How did you get started and then develop your career?
Marc Anderson: As an art student in college, I got a summer job drawing caricatures at an amusement park and eventually drawing at county fairs around the Midwest. One summer a friend and I were drawing caricatures in Green Bay, Wisconsin, while the Door County Plein Air Event was going on next door. That being the first time I’d ever heard the term “plein air,” I was intrigued, to say the least. The following year, I took a plein air workshop with Mark Boedges near his studio in Vermont, and I was hooked! I began participating in every plein air event and paint out that I could.
Because I was painting basically every waking moment that I could spare, I had developed a sizable body of work in short order. While in search of a venue for these paintings, I started selling work at art fairs and festivals. Between plein air events and art fairs, I was eventually able to paint full time. As my painting skills grew, I began getting accepted into more prestigious shows and even picked up a few galleries to represent my work along the way.

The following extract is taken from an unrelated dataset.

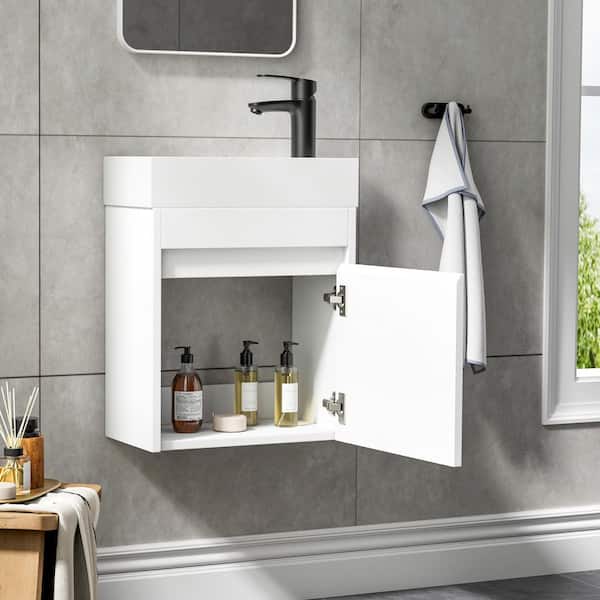 18.1 in. W x 10.2 in. D x 22.8 in. H Bath Vanity in White Straight Grain with White Resin Top

How do you describe success?
When I was in college, my goal was pretty simple: do art for a living. Not a whole lot has changed since then, though the goals are a little more nuanced. Often I have to remind myself that I’ve already won. I’m painting for a living. Everything else is gravy. But then again, we’re artists specifically because we’re curious and always want to grow and learn. This requires redefining “success” on a regular basis.
Even how I would define a successful painting is constantly in flux. At a minimum, I want accurate drawing, values and color, and I want my edges and brushwork to service the intent of the painting. But beyond that, I have to ask, is it a good piece of art? Is it new and interesting? Will anyone care about this painting? How I answer those questions will vary from day to day. Artists are fickle people.

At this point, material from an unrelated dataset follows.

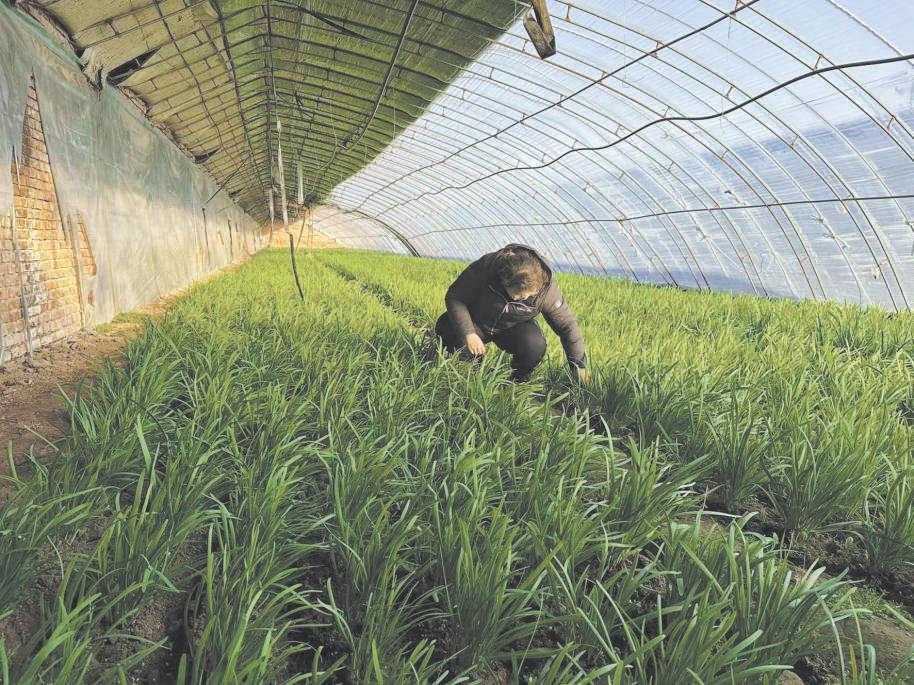 苍上村第一书记马金娜查看韭菜长势。
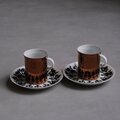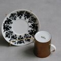 1970年代にドイツの名窯、Rosenthal社で制作されたデミタスカップ&ソーサーの2セット。カップに施された斬新なコッパー(銅)のメタリックコーティングと、ソーサーを彩るクラシカルな黒のボタニカルパターンのコントラストが個性的でありながら、どこか上品な雰囲気のデザインです。デミタスカップ(通常のコーヒーカップの約半分のサイズ)なので、見た目も可愛らしい佇まいです。上質なコーヒーと共に贅沢なひと時を過ごせそうな1点です。

What is the best thing about being an artist?
I get to play with paint all day, every day. And that’s a career. It still blows my mind. At its core, painting is communicating ideas by putting pigment on a substrate. It’s both incredibly simple and has the potential to be infinitely complex. What fun! One day you really nail a painting; the next minute, you’re pulling your hair out because you feel like you completely forgot how to paint. This constant battle is the most engaging endeavor I’ve ever taken part in, and I love every second of it.